[Opening Dataset content section]

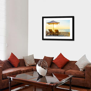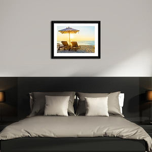 This canvas wall art features two beach chairs beneath a large umbrella against a tranquil sunset, embodying relaxation by the ocean. The serene palette of golden hues and soft blues invites a peaceful atmosphere to any space.
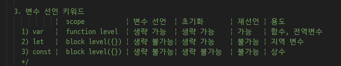-> ESC 가 나오면서 여러가지 형태 var/let/const 여러가지 생김
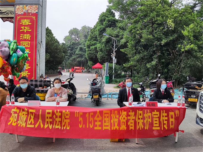 中新河南網(wǎng)5月15日電(李克選 謝叢晨 劉娟)為進(jìn)一步倡導(dǎo)理性投資文化和優(yōu)化法治化營商環(huán)境,形成人人關(guān)心、關(guān)愛、關(guān)注中小投資者合法權(quán)益的良好氛圍,5月15日上午,以第四個(gè)“全國投資者保護(hù)宣傳日”為契機(jī),河南省南陽市宛城區(qū)人民法院聯(lián)合區(qū)金融辦,在市人民公園北門開展《心系投資者 攜手共行動(dòng)——筑牢注冊(cè)制改革基礎(chǔ),保護(hù)投資者合法權(quán)益》主題宣傳活動(dòng)。

[Closing Dataset content section]

### What is needed:
Omitting all pictures, retype exactly the lines from the line containing "-> ESC 가 나오면서 여러가지 형태 var/let/const 여러가지 생김" down to the last line above, both ends included.

### Your solution:
-> ESC 가 나오면서 여러가지 형태 var/let/const 여러가지 생김
 中新河南網(wǎng)5月15日電(李克選 謝叢晨 劉娟)為進(jìn)一步倡導(dǎo)理性投資文化和優(yōu)化法治化營商環(huán)境,形成人人關(guān)心、關(guān)愛、關(guān)注中小投資者合法權(quán)益的良好氛圍,5月15日上午,以第四個(gè)“全國投資者保護(hù)宣傳日”為契機(jī),河南省南陽市宛城區(qū)人民法院聯(lián)合區(qū)金融辦,在市人民公園北門開展《心系投資者 攜手共行動(dòng)——筑牢注冊(cè)制改革基礎(chǔ),保護(hù)投資者合法權(quán)益》主題宣傳活動(dòng)。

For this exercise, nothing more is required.